§ **WHAT THIS TASK INVOLVES**
Copy out the full listing below as it stands, with its pictures left behind.

§ **DATA SHOWN**

::::::::

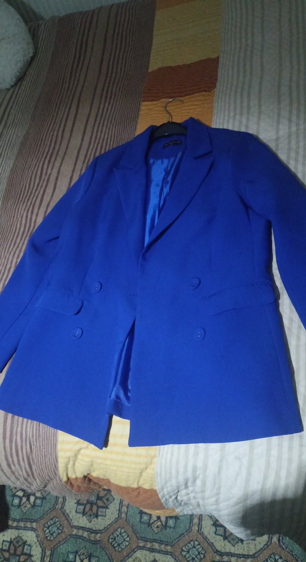 Kadın mavi blazer, düğmeli, normal kalıp ve uzun kolludur. Parlak sentetik kumaştan yapılmış, midi boyda, ofis için klasik ve sokak tarzında uygundur.
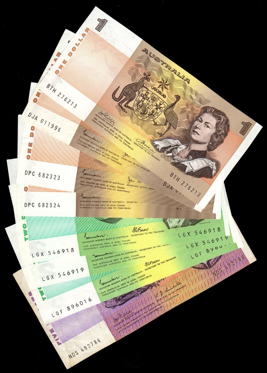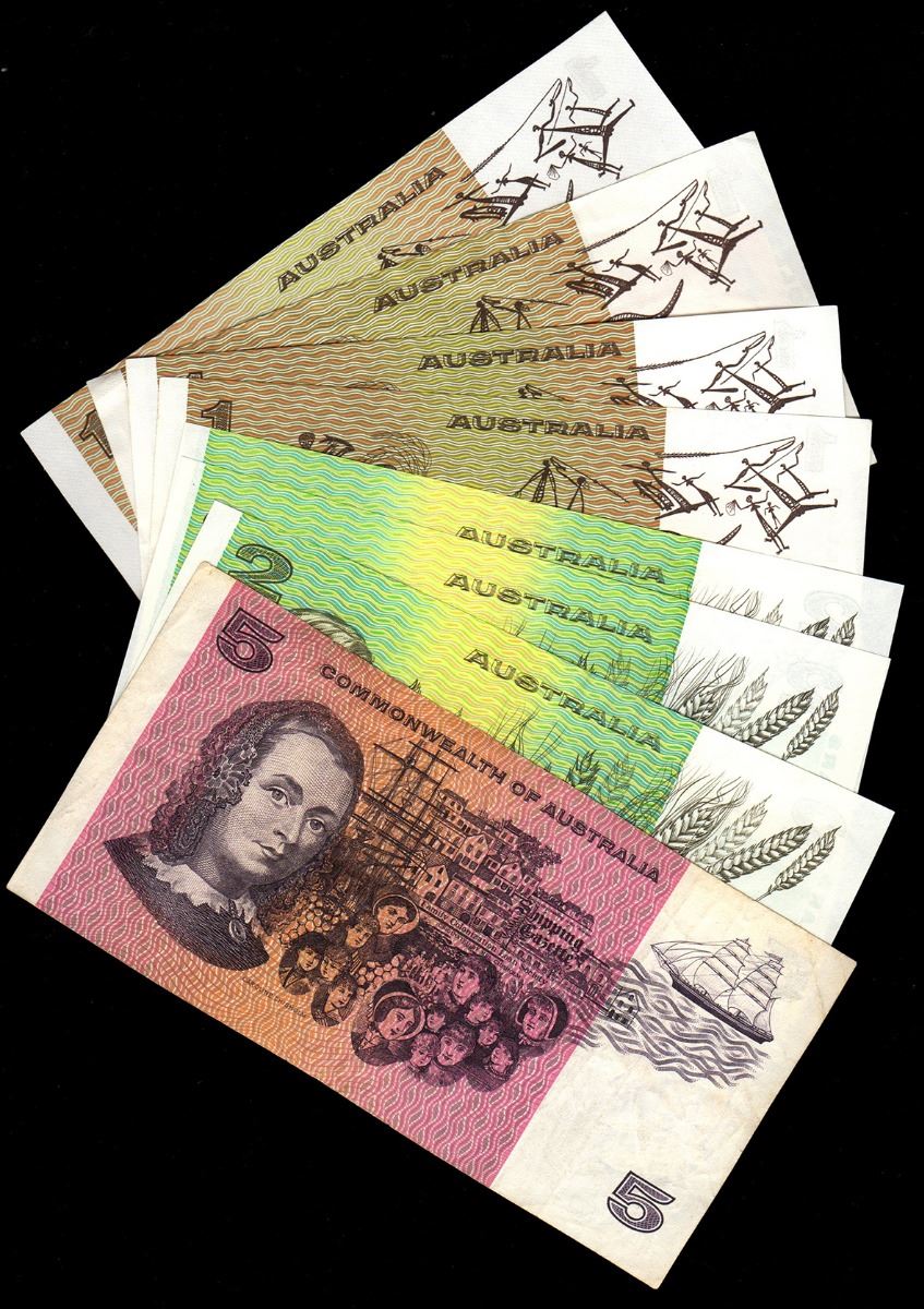 One dollar, Phillips/Wheeler Aust. (R.75), Johnston/Stone (R.78) (3); Two dollars, Johnston/Fraser (R.89) (3); Five dollars, Phillips/Randall (R.203); Fine to uncirculated. (8)
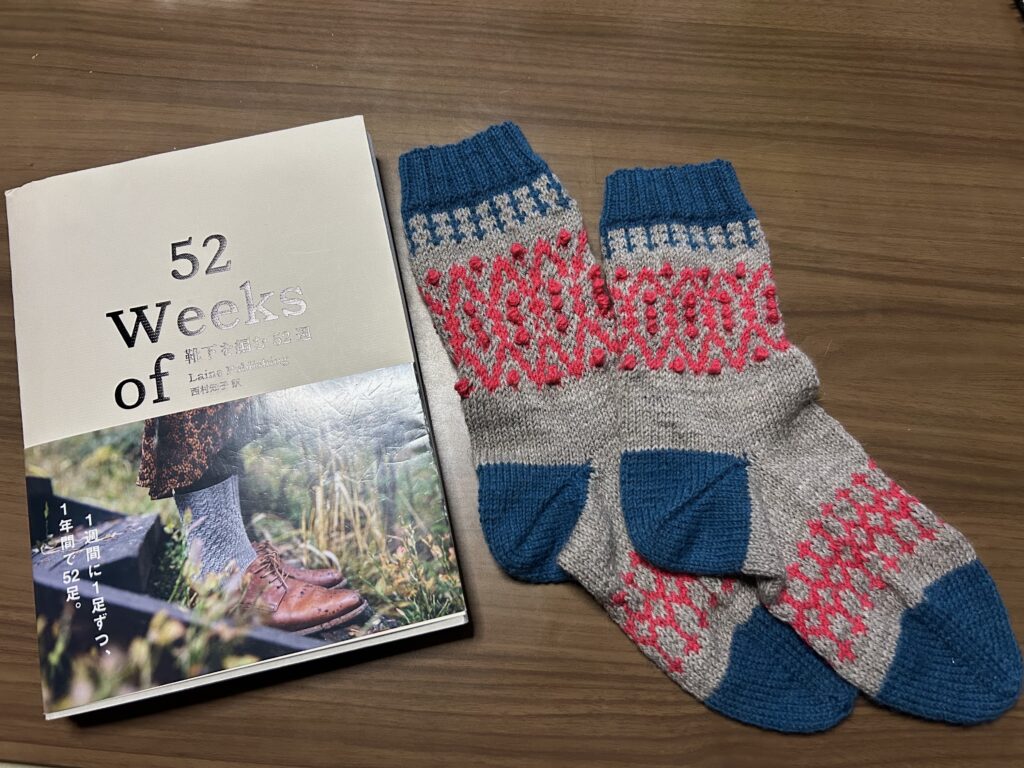 こちらは靴下を編む52週に掲載されているパターンで、Caitlin Hunterさんがデザインされたものです。Caitlin Hunterさんは編み込みのセーターや帽子などのデザインで人気が高いイメージがあります。私もいつかCaitlin Hunterさんの作品を編んでみたいと思っていたので、今回編むことができて嬉しいです。

::::::::

§ **RESULT OF THE EXERCISE**
 Kadın mavi blazer, düğmeli, normal kalıp ve uzun kolludur. Parlak sentetik kumaştan yapılmış, midi boyda, ofis için klasik ve sokak tarzında uygundur.
 One dollar, Phillips/Wheeler Aust. (R.75), Johnston/Stone (R.78) (3); Two dollars, Johnston/Fraser (R.89) (3); Five dollars, Phillips/Randall (R.203); Fine to uncirculated. (8)
 こちらは靴下を編む52週に掲載されているパターンで、Caitlin Hunterさんがデザインされたものです。Caitlin Hunterさんは編み込みのセーターや帽子などのデザインで人気が高いイメージがあります。私もいつかCaitlin Hunterさんの作品を編んでみたいと思っていたので、今回編むことができて嬉しいです。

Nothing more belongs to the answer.